While there have been web-based engines such as Open Calais, Zemanta and Evri the new fise engine from Nuxeo is an open source HTTP server that can be used locally as well as hosted in the cloud. What this mean is that, if necessary you can keep your sensitive data in-house and still submit it to a semantic engine for analysis.
If you want to try it out without having to download and host the code then there is a demo site provided. Fise has a Rest interface and looks fairly easy to use. You can submit a document and get back the analysis in a range of forms including a SPARQL query interface.

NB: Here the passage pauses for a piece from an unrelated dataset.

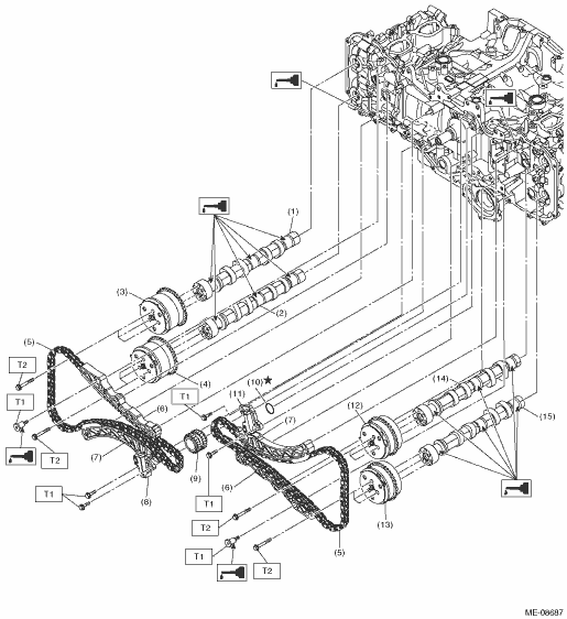 (1) | Intake camshaft RH | (8) | Chain tensioner RH | (15) | Exhaust camshaft LH |

To try it out in in a browser (at the time of writing IE doesn't seem to work) just navigate to http://fise.demo.nuxeo.com/engines.
If you type in:
"Albert Einstein was a clever man"
and click Run engines and analysis will appear in the web page below your text input. A photo of Einstein shows that the engine detected the great man's name and then below an RDF format XML file gives you the semantic details. If you explore you will find that in the entity-type tags Einstein is identified as a Person->Scientist.
More complex documents produce more complex outputs, including a map showing the geographical relationships between people and places mentioned in the text.

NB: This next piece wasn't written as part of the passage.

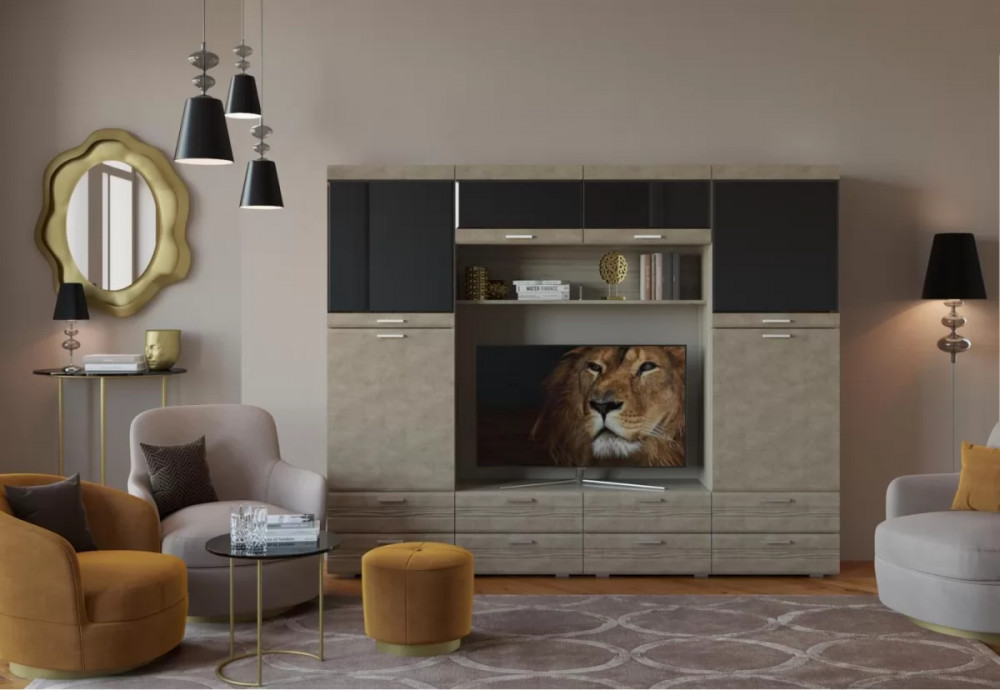 Фасадная часть гостиной - фрезерованная плита МДФ в пленке ПВХ в комбинации с черным или белым стеклом лакобель (Польша). В серии используется ручка-скоба 96 мм (сатин светлый). Корпус - ЛДСП 16 мм. Задняя стенка гостиной выполняется из ЛДВП в цвет корпуса. Тумбы и шкафы комплектуются регулируемыми опорами L-20. Выдвижные ящики снабжены шариковыми направляющими полного выдвижения.

It isn't always perfect. For example, running our recent news item on Amazon's Kindle v Apple's IPad produced a map with Apple's headquarters indicated and the Amazon rain forest. Even so problems like this are fixable and the more the engine is used the better it gets! Internally it uses OpenNLP to identify entities, Apache Lucene to index and search entities and it calls on DBpedia to associate entities with locations.
Clearly the task for most developers is to first learn how to use the API and then work out what to do with the RDF or whatever output format you choose. Making use of the semantic analysis is where the hard work now lies. But no matter how you look at it, having an open source semantic engine to try things out on is a gift.